Ils annoncent la couleur dès la jaquette, typographie en noir sur rouge, plus en adéquation avec le genre développé que ne pouvait l’être la pochette de « Ou pas » (qui était néanmoins réussie)…
Et dès les premières mesures se confirme l’esprit estampillé par la jaquette. Mélodie sur-vitaminée, distorsions implacables, lignes de batterie et de basse, bien léchées… voix toujours aussi singulière et totalement en accord avec la musique, et des textes en français qui collent parfaitement au rock anglo-saxon (c’est si rare)…
Le côté « dynamite » de cet album (comme du précédent d’ailleurs) provient à coup-sûr d’une session d’enregistrement étalée sur quelques heures (concept du « live-studio »). C’est d’abord une performance, à l’heure ou les studios sont loués durant des mois pour réaliser des opus ou rien ne dépasse, totalement épurés d’humanité… Là, on sent un album déjà rodé en répétitions voir surement en live et qui est tout simplement plaqué en direct sur la bande (ou le disque dur) tel quel.

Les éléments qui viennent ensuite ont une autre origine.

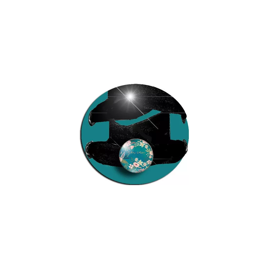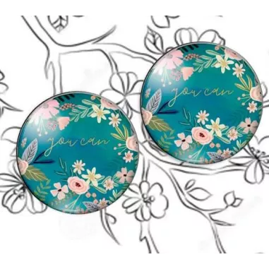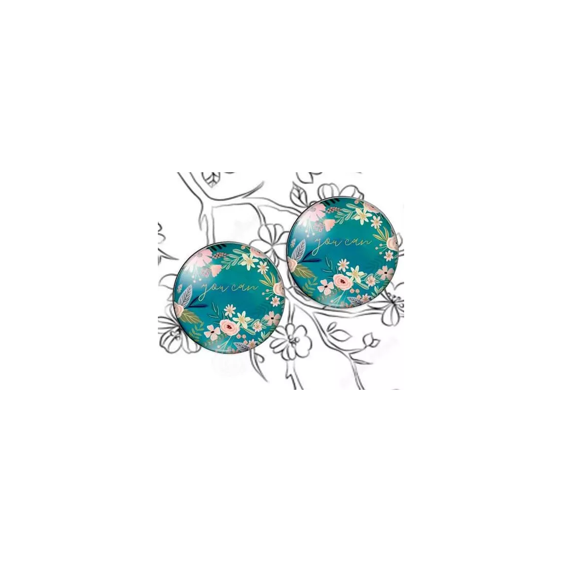 Set de 2 petites décorations de lacets rondes décorées de délicates fleurs de cerisier japonais roses, aux feuilles vertes, posées sur un superbe fond couleur bleu-vert paon.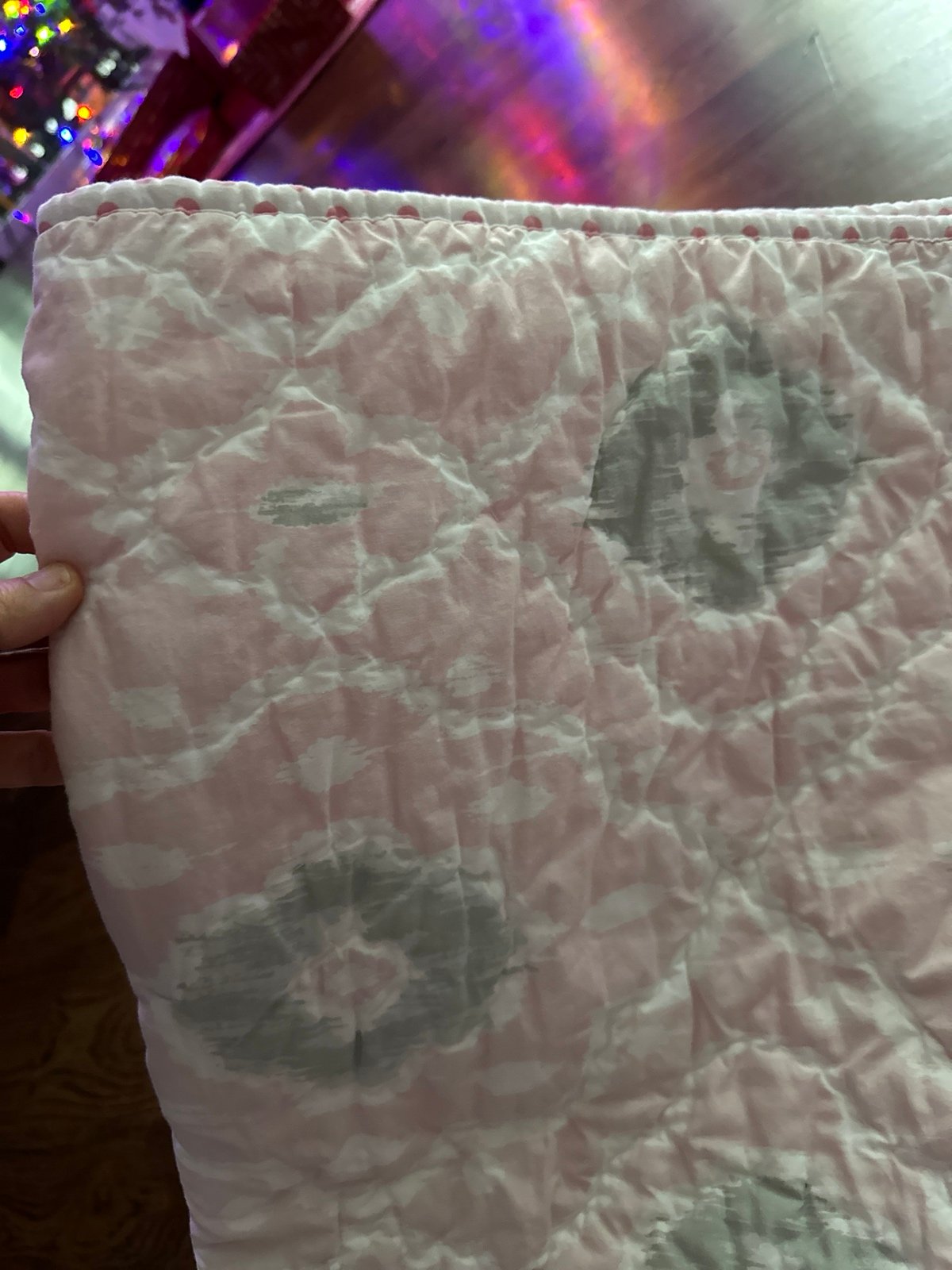 Includes a full/queen size padded (reversible to white w pink polka dots) quilt and two matching pillow shams.

Cela dit, on aurait pu imaginer, un travail plus fin sur le mixage. Par moment, la voix est bien trop en avant, à d’autres c’est la basse que l’on perçoit à peine. En fait, je pense que les morceaux sont plus forts que sur l’album précédent, mieux maitrisés dans l’ensemble, mais pas mieux mis en valeur dans le mixage. C’est le point faible. Et toujours un effet trop prononcé sur la quasi-totalité des pistes voix… Le timbre de Laurent n’a pas besoin d’être soutenu par un quelconque effet, elle se suffit à elle-même !
Les arrangements me semblent aussi moins homogènes que sur « Ou pas ». On attendrait peut-être un peu plus de variétés rythmiques ou mélodiques.
Côté pistes, un morceau sort du lot. « L’archipel » au texte signé People ignore who I Am (autre artiste Revolution Sound Records) est une vraie bombe en tout point. Le riff de base et la rythmique sont vraiment efficaces, le texte semble avoir été écrit pour la musique, la basse saturée, le jeu de batterie… la ligne vocale et les touches de chœurs, tout est là.
Pour le reste, des bons morceaux qui, sans rien apporter au rock, rappellent à la fois le rock des seventies par les mélodies, et celui des nineties pour le son global.
« Pas comme ça », résonne comme du déjà entendu, que ce soit par Otis même ou par d’autres. Bonne entrée en matière qui sans casser des briques nous place dans l’ambiance.
« Miracle ». L’intro semble fadasse. Mais dès qu’Otis insuffle ce riff de guitare à tendance funk, on se prend au jeu de ce funky-rock typé fin seventies. Et à nouveau ce mélange Français-Anglais, qu’Otis affectionne.
« Com[m]e on ». Bien vu le texte, et la tension se dégageant de la mélodie est vraiment palpable. La lead guitare ne serait pas tout légèrement désaccordée ? Peut-être est-ce voulu d’ailleurs, puisque ça donne bien au final !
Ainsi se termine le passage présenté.